Now we analyze the brands data by means of classical correspondence analysis.

svd.out <- svd(S)
svd.out$d # S is singular:
## [1] 3.354798e-01 2.805778e-01 1.707355e-01 1.565453e-01 1.285439e-01
## [6] 1.044026e-01 5.623106e-17
diff(c(0,cumsum(svd.out$d^2)/sum(svd.out$d^2)))
## [1] 0.41324121 0.28905304 0.10703318 0.08998101 0.06067003 0.04002153 0.00000000
# Can be plotted in a scree plot.

# To match the plot in Riani at al:
svd.out$v[, 2] = -svd.out$v[, 2]
svd.out$u[, 2] = -svd.out$u[, 2]
rowproj <- diag(1/sqrt(rvec)) %*% svd.out$u %*% diag(svd.out$d)
colproj <- diag(1/sqrt(cvec)) %*% svd.out$v %*% diag(svd.out$d)

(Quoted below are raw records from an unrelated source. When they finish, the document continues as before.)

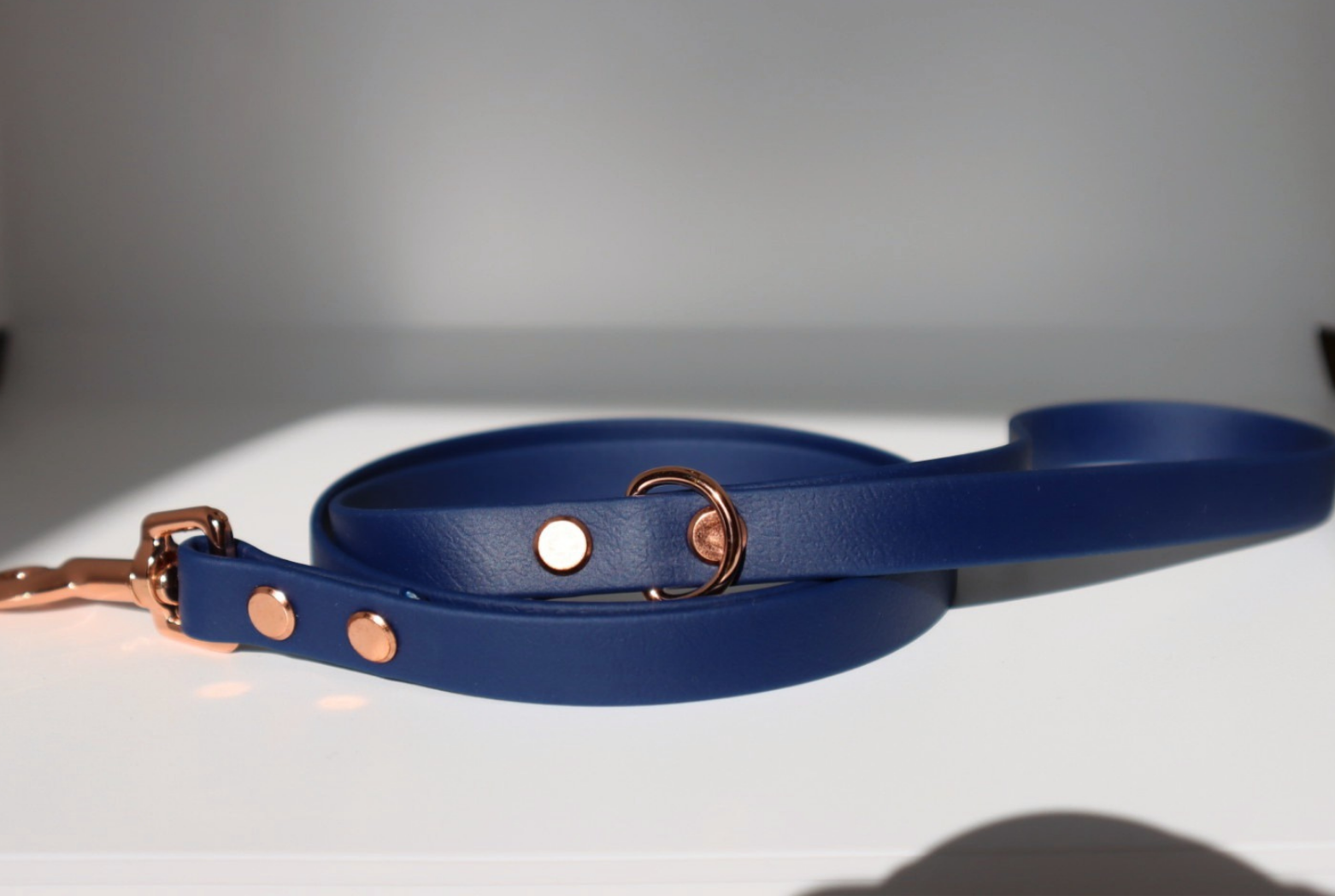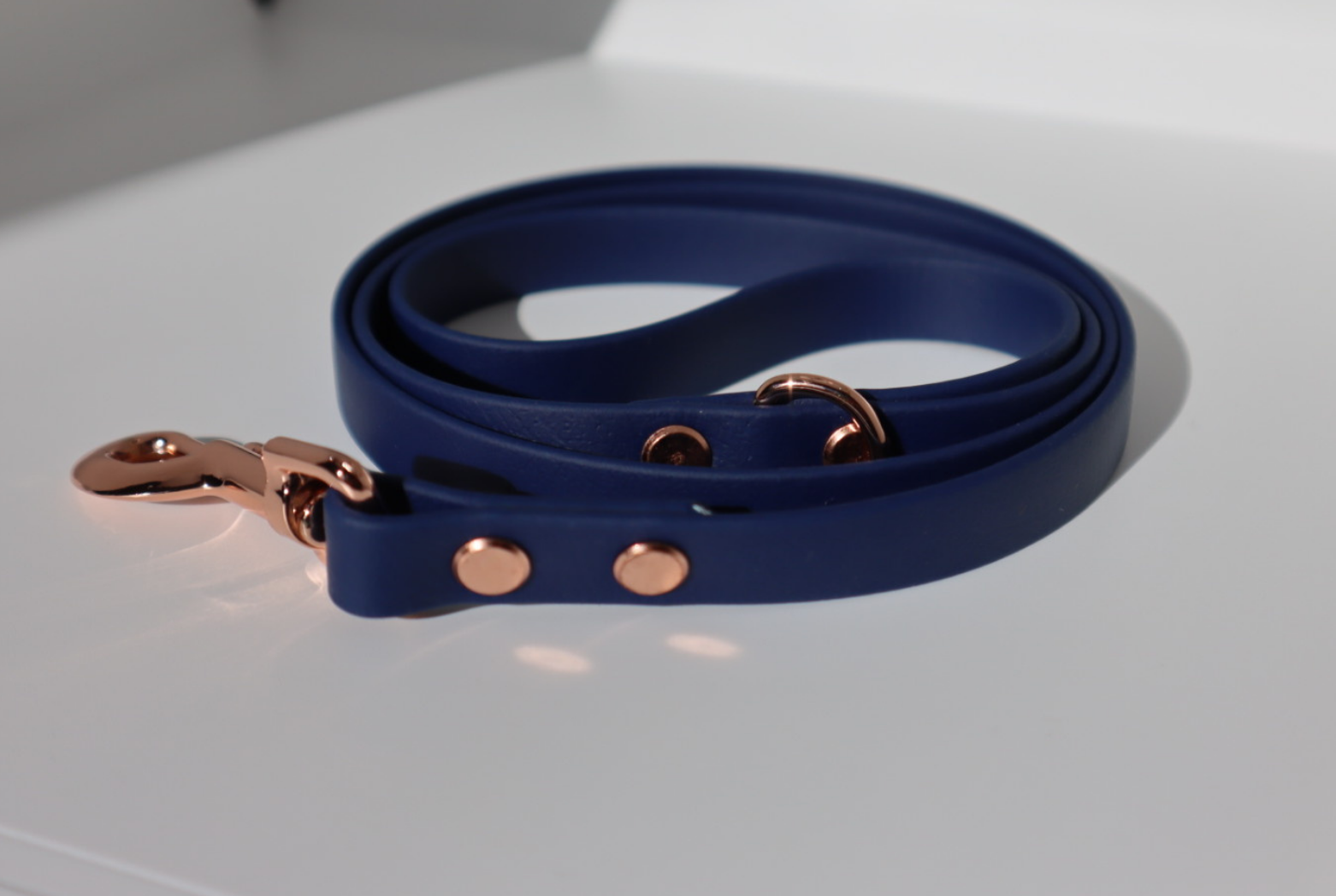 Navy BioThane dog lead. BioThane is extremely durable, waterproof, stinkproof and therefore headache proof for dog owners. This lead is great for adventurous pups that like to get muddy or go swimming.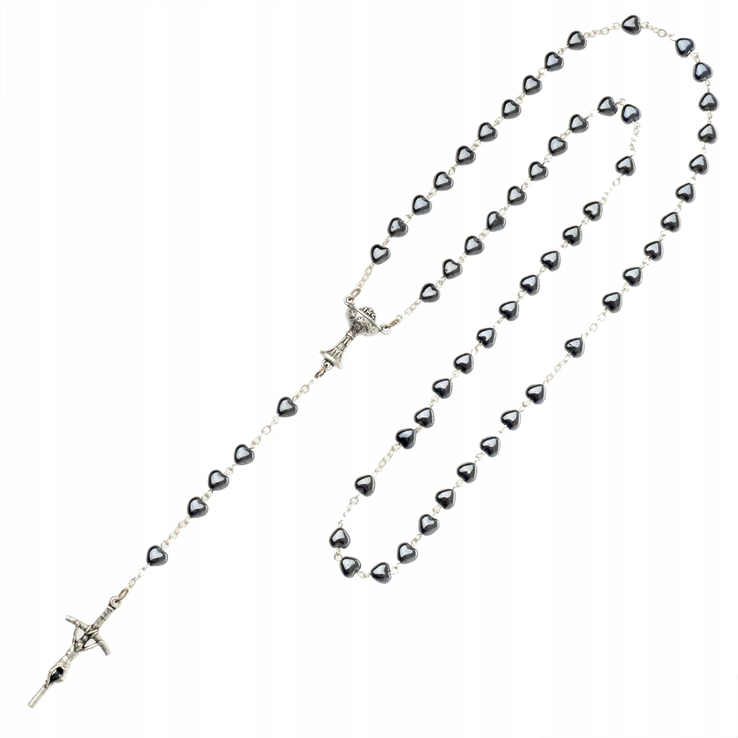 - Вервиця для хлопчика з нагоди Першого Причастя, виготовлена з графітових намистин у формі серця діаметром 5 мм, з повним набором із 5 таємниць.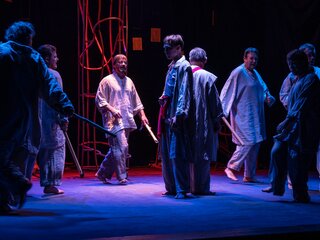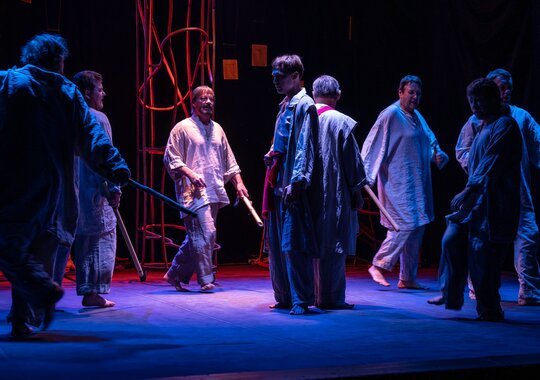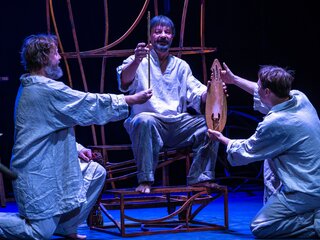 Музыка спектакля — вариации старинных народных песен уральских (яицких) казаков, звуки и наигрыши на редких народных инструментах, атмосферное звучание передвижной колокольни.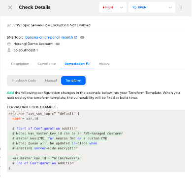 Terraform Code Example uses a configuration language for managing infrastructure. By tailoring the configuration in the provided example and deploying the template again, the administrator can fix the identified findings.

# pdf(file="brands_ClassCorrespA.pdf", width=7, height=6)
plot(rowproj[, 1:2], col = "white", xlim=c(-1.1,1.1),
     ylim=c(-0.8,1.5), xlab="", ylab="")
title(main="Classical correspondence analysis of brands data", 
      line=1)
text(rowproj[,1:2], labels = rownames(S))
abline(v=0); abline(h=0)
text(colproj[, 1:2], labels = colnames(S), col="red")
facs = c(0.8,0.9,0.8,0.65,0.92,0.8,0.65)
shape::Arrows(0, 0, facs*colproj[, 1], facs*colproj[, 2], 
              col = "red", arr.type="simple", arr.width=0.1,
              arr.length = 0.1)
## NULL
title(xlab="Dimension 1", line=2.3)
title(ylab="Dimension 2", line=2.3)
plot of chunk unnamed-chunk-10

plot of chunk unnamed-chunk-10

# dev.off()

Cellwise robust correspondence analysis of the brands data:

MacroPCApar0 <- list(scale = FALSE, center = rep(0, d))
MacroPCA.out <- MacroPCA(S, k = 0, MacroPCApars = MacroPCApar0)
##  
##  The input data has 39 rows and 7 columns.
## 
## Initial eigenvalues:
##  0.001637705 0.0005991985 0.000517501 0.000261448 0.0001165996 9.420168e-05 1.323828e-05
plot of chunk unnamed-chunk-11

plot of chunk unnamed-chunk-11

## 
## The cumulative percentage of explained variability 
## by the first 7 components is:
##   PC1   PC2   PC3   PC4   PC5   PC6   PC7 
##  50.5  69.0  85.0  93.1  96.7  99.6 100.0 
## 
## Based on explained variability >= 80% one would select k = 3.
## 
## Please use this information and the scree plot to select a value of k
## and rerun MacroPCA with it.
MacroPCA.out <- MacroPCA(S, k = 3, MacroPCApars = MacroPCApar0)
##  
##  The input data has 39 rows and 7 columns.
## 
## Initial eigenvalues:
##  0.001310427 0.0006177467 0.0004581388 0.0002548126 0.0001141835 0.0001013869 1.44098e-05 
## 
## XciSVD$rank, Xcih.SVD$rank, k and kmax:  7 7 3 7 
## 
## Performed an extra reweighting step because k = 3 < rank = 7 .
## 
## The final step used eigenvectors of reweighted covariance.
# Computations for the biplot.
V <- MacroPCA.out$loadings
scores <- MacroPCA.out$scores
# To make the plot match the orientation in Riani et al:
V[,2]      <- -V[,2]
scores[,2] <- -scores[,2]
sVals      <- sqrt(nrow(S)*MacroPCA.out$eigenvalues)
U          <- scores %*% diag(1/sVals)
rowproj    <- diag(1/sqrt(rvec)) %*% U %*% diag(sVals)
colproj    <- diag(1/sqrt(cvec)) %*% V %*% diag(sVals)

# pdf(file="brands_MacroCA_biplot.pdf", width=7, height=6)
plot(rowproj[, 1:2], col = "white", xlim=c(-1.1,1.1),
     ylim=c(-0.6,0.6), xlab="", ylab="")
title(main="Cellwise robust correspondence analysis of brands data",
      line=1)
text(rowproj[,1:2], labels = rownames(S))
abline(h=0); abline(v=0)
text(colproj[, 1:2], labels = colnames(S), col="red")
facs = c(0.75,0.76,0.9,0.88,0.65,0.74,0.52)
shape::Arrows(0, 0, facs*colproj[, 1], facs*colproj[, 2], 
              col = "red", arr.type="simple", arr.width=0.1,
              arr.length = 0.1)
## NULL
title(xlab="Dimension 1", line=2.3)
title(ylab="Dimension 2", line=2.3)
plot of chunk unnamed-chunk-11

plot of chunk unnamed-chunk-11

# dev.off()
# Roughly matches Figure 7 of Riani et al (2022).